Chapter 1

20.4K 842 173
                                    


WARNING: MENGANDUNG UNSUR KEKERASAN DAN KONTEN DEWASA, MUNGKIN SEJENIS BDSM YANG SANGAT TIDAK PANTAS UNTUK DITIRU. JIKA KALIAN MERASA TAKUT PADA KEKERASAN DAN BELUM MEMILIKI USIA YANG CUKUP UNTUK MEMBACA CERITA DEWASA, DIHARAPKAN UNTUK BIJAK DALAM MEMILAH BACAAN. TERIMA KASIH.

¤¤¤

8 ans plus tard (8 tahun kemudian)...

"Tidak!"

Tambang mengikat beberapa bagian tubuhnya, pergelangan tangan dan kakinya, diikuti lilitan di perut hingga dadanya yang terbuka. Ia terpampang, bagaikan bayi, bagaikan sebuah manekin hidup yang tak terpakai. Dia diikat, dicekal, dicancang. Tambang itu seakan mendekapnya kuat, keringat dingin menjalar hingga membasahi tambang yang melilitnya. Bibirnya tersumpal, dijejal kain dengan bau pesing yang menjijikkan.

"Jangan berteriak! Diam!"

Lalu pria itu kembali menggerayangi tubuhnya yang terlilit, ia dikuasi oleh pria itu. Seringai menyeramkan terbit di wajahnya saat pria itu memandangi tubuhnya. Di kegelapan, wanita itu menjerit meski kain berbau pesing menjejal di mulutnya. Air mata yang mengering kembali keluar dengan deras, ia menangis. Namun apalah arti dari air mata untuk dunia yang kejam?

"Diam, Sayang! Diam!" hardik pria itu lagi, kepalanya bergerak mendekat. Lantas berbisik tepat di telinga sang wanita yang terasa lembab oleh keringat. "Jangan sampai Jericho bangun dan mendengar teriakanmu."

Pria itu lantas tertawa. Tawanya bergema di tengah keheningan mencekam. Sementara objek di depannya terus menggeliat bagaikan cacing. Dengan tubuh terikat penuh keringat, payudara membusung yang terkukung oleh tambang dan mulut yang tersumpal oleh kain berbau pesing. Air mata kian menderas turun membasahi wajah seorang Hawa itu, menyatu dengan keringat yang melekat di tubuhnya.

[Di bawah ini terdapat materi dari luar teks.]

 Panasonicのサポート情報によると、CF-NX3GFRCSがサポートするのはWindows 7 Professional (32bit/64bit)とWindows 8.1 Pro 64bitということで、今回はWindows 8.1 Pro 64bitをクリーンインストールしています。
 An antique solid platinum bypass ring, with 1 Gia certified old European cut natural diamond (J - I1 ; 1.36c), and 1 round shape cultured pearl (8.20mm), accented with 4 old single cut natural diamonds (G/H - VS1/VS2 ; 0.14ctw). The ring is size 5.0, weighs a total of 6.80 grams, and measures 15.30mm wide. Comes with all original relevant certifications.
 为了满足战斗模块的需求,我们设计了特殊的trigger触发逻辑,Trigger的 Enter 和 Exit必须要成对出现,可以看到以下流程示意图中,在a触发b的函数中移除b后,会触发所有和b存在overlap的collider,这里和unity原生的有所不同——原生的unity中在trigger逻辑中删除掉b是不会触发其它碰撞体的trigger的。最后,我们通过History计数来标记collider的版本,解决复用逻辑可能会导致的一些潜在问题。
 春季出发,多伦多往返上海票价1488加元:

"Kemari, Sayang, lihat aku. Lihat wajahku."

Pria itu meraih dagunya, mencengkramnya kuat. Memaksanya untuk mendongak ketika wanita itu menunduk karena lemas. Dengan pasrah ia mendongak, memandangi seringai culas yang terkembang di bibir tebal pria itu. Dia bajingan, dia bajingan, batinnya tanpa henti. Sementara pria itu terus memamerkan seringai culasnya, tanpa peduli dengan sirat ketakutan yang terlihat di wajah wanita itu.

"Jangan menangis," gumam pria itu. "Jangan menangis. Wajahmu lembab seperti ular. Jangan membuatku jijik!"

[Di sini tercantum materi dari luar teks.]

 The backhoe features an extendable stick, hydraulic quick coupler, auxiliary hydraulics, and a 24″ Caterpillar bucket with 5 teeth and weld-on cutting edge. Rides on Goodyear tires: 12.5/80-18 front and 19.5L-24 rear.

Di balik mulutnya yang tersumpal, wanita itu menggeram. Perasaan mual menderanya ketika bau pesing itu terkecap di mulutnya. Ia tersiksa. Tak ada yang bisa ia lakukan selain menangis. Dan ketika ia berusaha untuk patuh dan meredam tangisannya, tiba-tiba ia merasakan sesuatu yang menggelitik bagian intinya. Wanita itu praktis mengejang. Merasakan gelitikan yang perlahan berubah menjadi sengatan ngilu.

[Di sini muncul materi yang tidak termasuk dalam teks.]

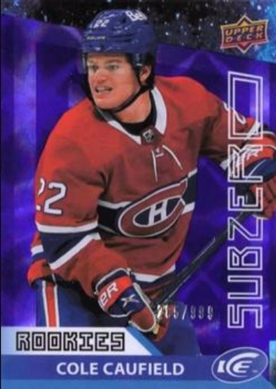 The Cole Caufield 2021 Upper Deck Ice #SZ-59 Sub Zero /999 Rookie card is 1 of 49 Cole Caufield's card variations in the 2021 Upper Deck Ice set being tracked by Sports Card Investor, including #249 Base /999, #122 Base /999, #122 Ice Blue, #122 Jersey, and #122 Lavender.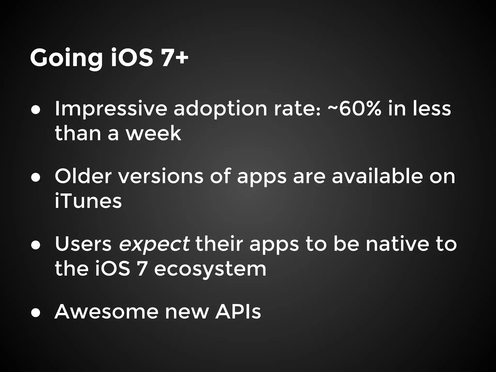 This document discusses refreshing an app for iOS 7. It recommends adopting a modular approach to reduce bloated view controllers by splitting them into categories, using composition over subclassing, and making views data-aware. New iOS 7 APIs like custom view controller transitions require less code. The evolution is an opportunity to rethink an app's architecture and organization for a more maintainable codebase.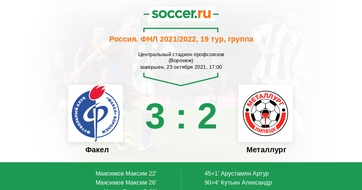 Протокол матча Факел против Металлург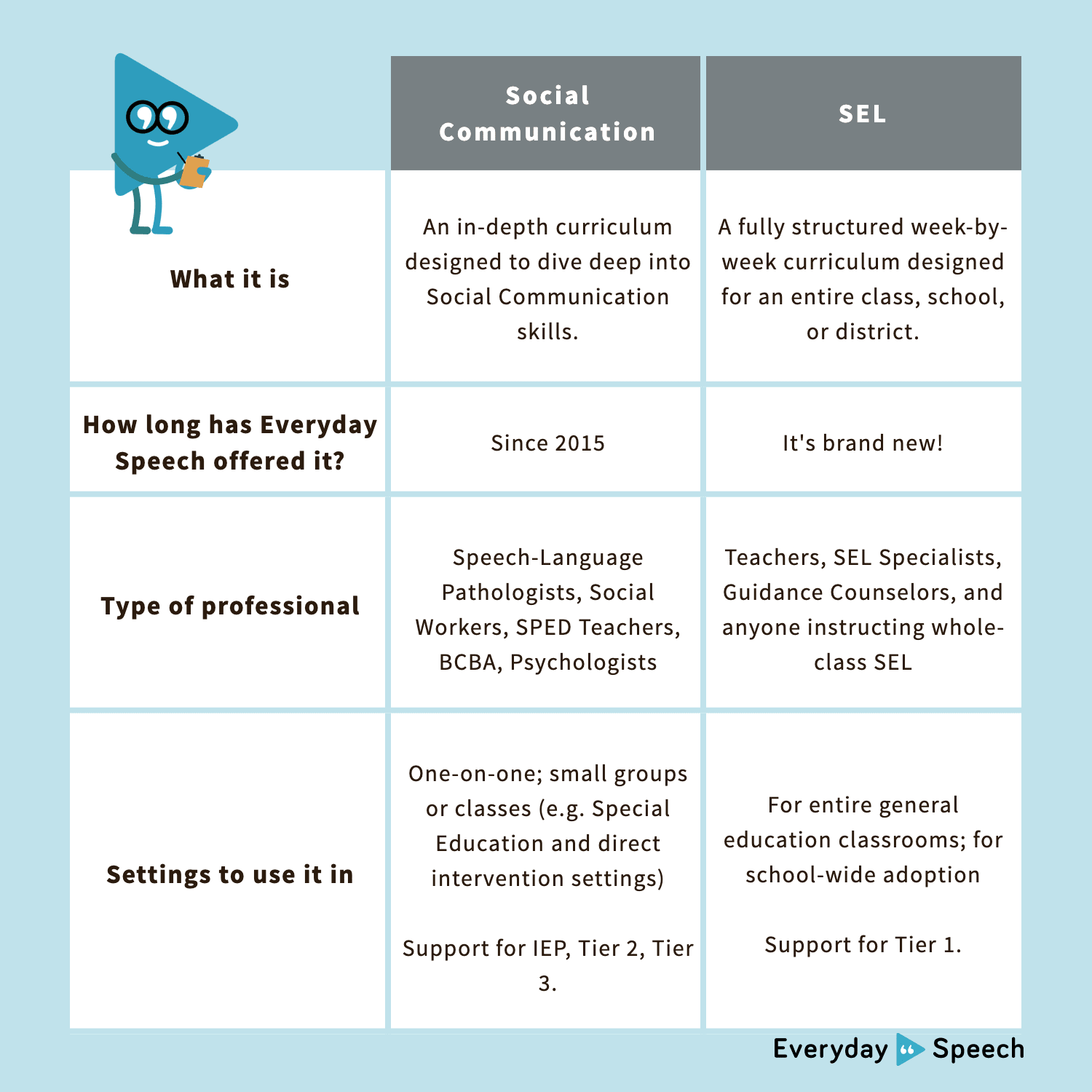 Sign up hereDid you know there are two different Everyday Speech curriculum tracks? We offer a Social Communication Curriculum and a Social-Emotional Learning (SEL) Curriculum.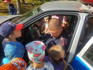 Вспомнили ребятишки и правила поведения на остановках. Дарья Лунёва, в свою очередь, пояснила, как правильно ездить на велосипеде. Затем инспекторы Евгений Лунёв и Сергей Пудов рассказали о своей службе в отделе ГИБДД и показали атрибуты, которыми пользуются стражи порядка. В завершение мероприятия детям представили патрульный автомобиль.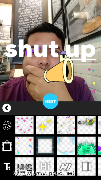 您可以创建长约5秒钟的长GIF。在任何创作中,您都可以添加多个可以翻转或调整大小的贴纸,以及添加一些滤镜的贴纸。您还可以将文本添加到GIF,创建自己的自定义类似模因的GIF。

Sengatan itu menggetarkan vaginanya yang merekah, menguarkan perasaan ngilu yang tak terbendung. Pria itu menekan-nekan kuas cat tepat di klitoris kelaminnya, hingga bulu-bulu yang terdapat dari kuas tersebut membuat wanita itu semakin tersiksa. Ada perasaan aneh, ngilu yang menyakitkan. Menjalari tubuhnya hingga mengejang-ngejang. Seketika kantung kemihnya terasa penuh. Ia merasa ingin kencing.

Ia berteriak di balik mulutnya yang tersumpal.

"Jalang cabul! Lihat ini! Vaginamu banjir!" kekeh pria itu seraya menyeringai puas. Tangan besarnya merekahkan kelamin wanita itu semakin lebar, lantas mengesekkan bulu-bulu kuas itu semakin kasar.